Which is hilarious, not only because I’m usually the one with cravings for a good palak paneer and mutton varuval, but how oblivious she is to the male waiters’ blatant flirting.

The indispensable 'siu mai' (left). Steamed dumpling by spoon (right)

Not that I’m complaining; when you’re in a packed banana leaf rice restaurant, getting the attention of busy, overworked servers is paramount.

We can choose to be offended, naturally, but that’s too easy and leads us down an endless rabbit hole. (Just look at Twitter. Or don’t.) Better to see it as an opportunity to be a good team, and defying expectations rather than bemoaning them.

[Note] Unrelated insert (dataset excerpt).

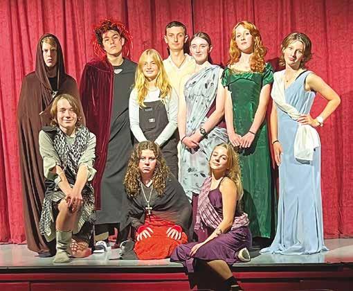 Teentheatre cast of Mythunderstood from back left standing: Ollie Tinkler (Charon); Squire Askew (Hades); Georgie Tinkler (Jamie); Nathanael Tait (Apollo); Zoe Hall (Demeter); Ruby Markham (Hera); Olive Markham (Fate). In front from left: Malachi Beckert (Achilles); Maggie Quinn (Persephone); Poppy Hughes (Helen). Photo: Submitted.

Dim sum is about learning to be comfortable with yourself. I have always been embarrassed about my lack of chopstick skills; my bestie tells me to just use a spoon for those precious steamed dumplings — “better than dropping it” — and yes, it’s better to be practical than try to impress strangers.

(Everyone else is busy dealing with their own dim sum, anyway.)

Dim sum teaches us that most things don’t matter. Food isn’t great? Be grateful we have something to fill our bellies. Folks laugh at you or you think they do? Find a way to laugh with them. Not comfortable in your own skin? Find friends who love you for who you are and love them back the same way.

And if you already have friends like that, don’t forget to ask them out for dim sum from time to time. If only to argue over the freshness of the har gow together.